One early study performed in the absence of acute fetal compromise demonstrated that the differences between base deficit values between women with preeclampsia and their fetuses was greater than in healthy parturients (simultaneous blood microsamples were taken from the maternal ear and uterine cervix and the fetus). 23In the current study, the correlation (r = 0.36) between maternal base deficit and neonatal base deficit, which was stronger in the spinal anesthesia group (r = 0.47) than in the general anesthesia group (r = 0.29), suggests some association between preeclampsia and poor placental perfusion, although the relation is weak. Measuring the maternal base deficit may therefore help identify infants at greatest risk.

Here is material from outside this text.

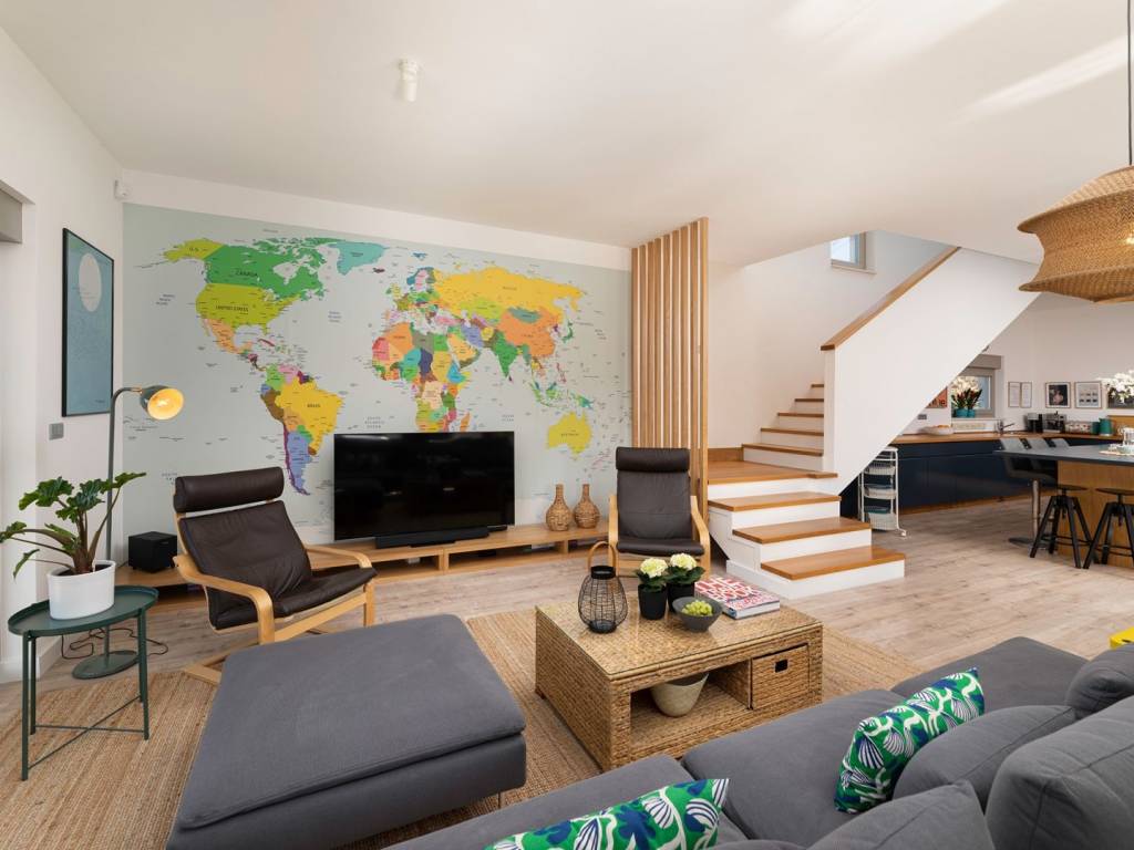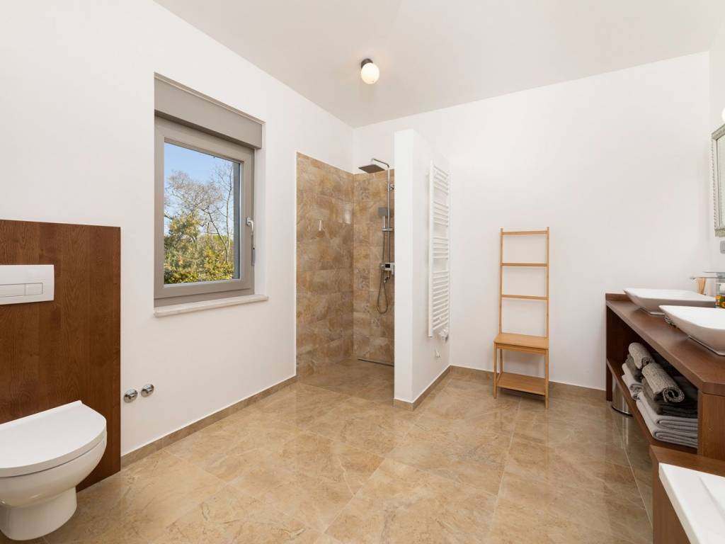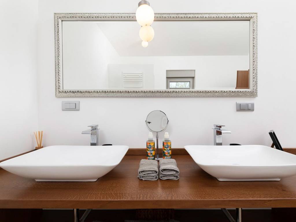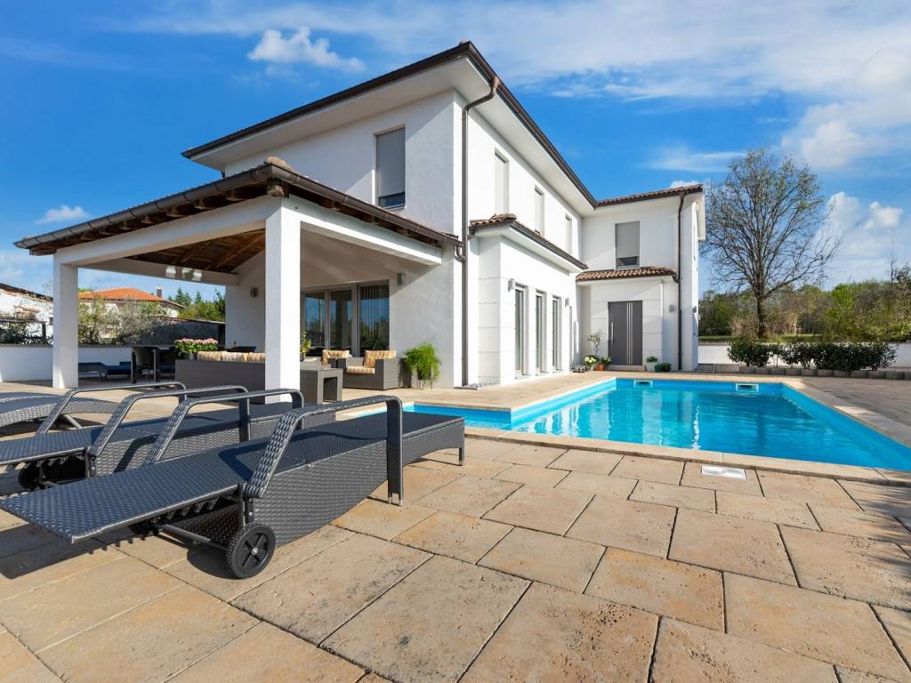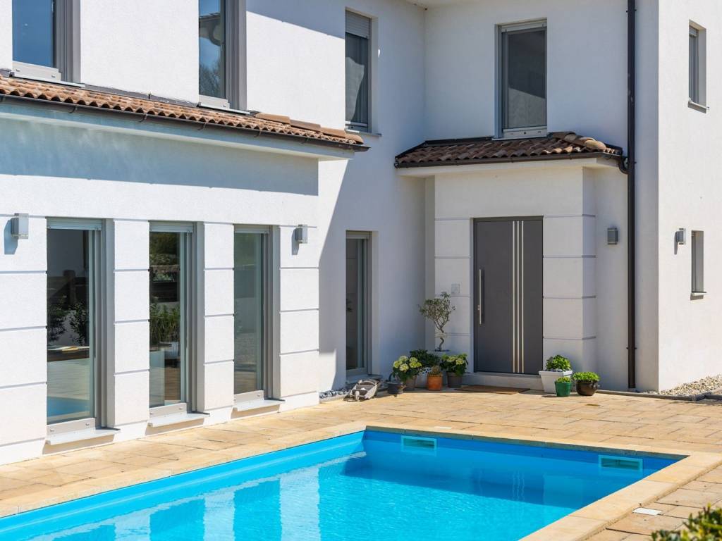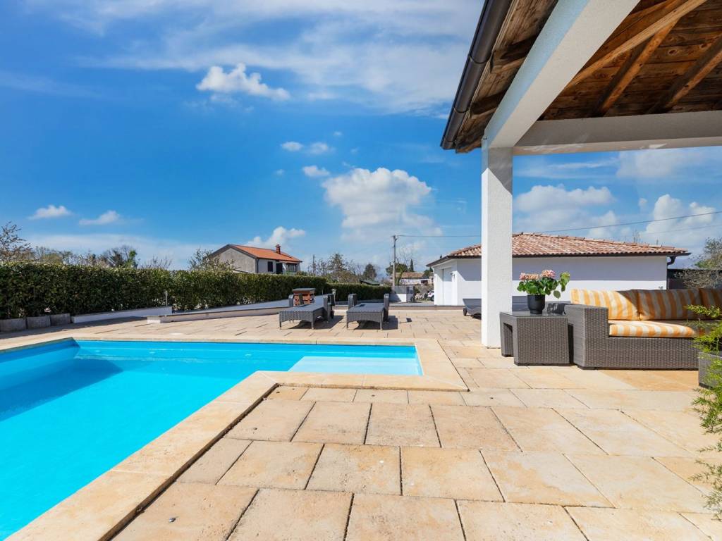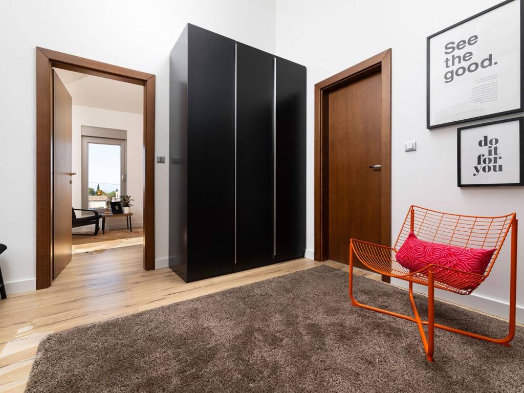 In a quiet part of the interior of the island of Krk, where greenery and silence create an ideal atmosphere for relaxation, this elegant and fully equipped modern house with a swimming pool is located - the perfect combination of comfort, style and discreet luxury. With a total of 284 m² of living space, the house extends over two floors with a carefully designed layout. The ground floor offers a bright entrance area, a functional bathroom, an additional room ideal for a study or private hobby space, one comfortable bedroom and the central part of the home - a spacious living room with comfortable seating, rustic details and large glass walls that open up the space to the covered terrace and swimming pool. The open floor plan connects the living room with a modernly decorated kitchen and dining room, creating the perfect space for socializing and family moments. Upstairs there are three airy and carefully decorated bedrooms, each with its own atmosphere, and two elegant bathrooms that provide comfort for the whole family or guests. The outdoor area exudes peace and privacy – the fenced garden of 850 m² is tastefully decorated without exaggeration, enriched with Mediterranean plants and details that create the ambiance of a luxurious summer house. In the center of the courtyard there is a swimming pool with clean lines, surrounded by a spacious sunbathing area and a lounge area under a gazebo – ideal for summer gatherings, evening relaxation or quiet breakfasts outdoors. There is also a barbecue area and a garage with two covered parking spaces. The house is fully air-conditioned with an advanced Daikin system, equipped with a full alarm system, a fireplace and built to a high standard of finishing – ceramics, parquet, PVC joinery and contemporary interior design leave the impression of a home that is both sophisticated and comfortable. The A+ energy certificate further confirms the energy efficiency of this modern villa. With a distance of only 3 kilometers from the sea and urban amenities, this property offers the perfect combination of solitude and connectivity. Whether you are looking for a quiet family home, a weekend oasis or an attractive high-end tourist rental property – here you get more than just a property: you get an experience.

One early study comparing general and epidural anesthesia for cesarean delivery in preeclampsia showed considerable hemodynamic instability in the general anesthesia group, including marked systemic and pulmonary hypertension on intubation. However, the sample sizes were small (a total of 17 patients were studied), and no pharmacologic measures were used to obtund the intubation response. 24In the current study involving emergency cesarean delivery, a previously validated method of controlling intubation response was used, 25and hemodynamic responses were acceptable. Similar hemodynamic responses were achieved in the spinal anesthesia group, although the blood pressures were significantly lower in this group at several time points. However, it should be recognized that cardiac output may correlate better than upper limb blood pressure with fetal acidosis. 26The mean ephedrine dose was only 13.7 mg in the spinal anesthesia group, including one patient requiring 100 mg. Blood loss was slightly greater in the general anesthesia group, but the difference was not clinically important, particularly given the relatively crude methods of estimation. In a previous study involving a group of 12 preeclamptic patients undergoing spinal anesthesia for elective cesarean delivery in whom the placental uterine artery circulation was studied using a pulsed color Doppler technique, a marked increase in uterine artery pulsatility index as a sign of increased vascular resistance was seen in only one patient during a period of severe maternal hypotension. 27In the current study, blood pressure changes of the magnitude measured in the spinal anesthesia group might well have had no clinically detrimental effect on the fetus in normal parturients. However, in the setting of emergency cesarean delivery in severe preeclampsia with fetal compromise and in combination with the use of ephedrine and mild hypocapnia induced by maternal hyperventilation, even a modest lowering of the blood pressure could have contributed to decreased placental perfusion. This could explain the increased umbilical arterial base deficit demonstrated in the spinal group.
This study shows that spinal anesthesia for cesarean delivery in preeclamptic patients with a nonreassuring fetal heart trace may be associated with a higher mean neonatal umbilical arterial base deficit and a lower median umbilical arterial pH than general anesthesia. The clinical significance remains to be established.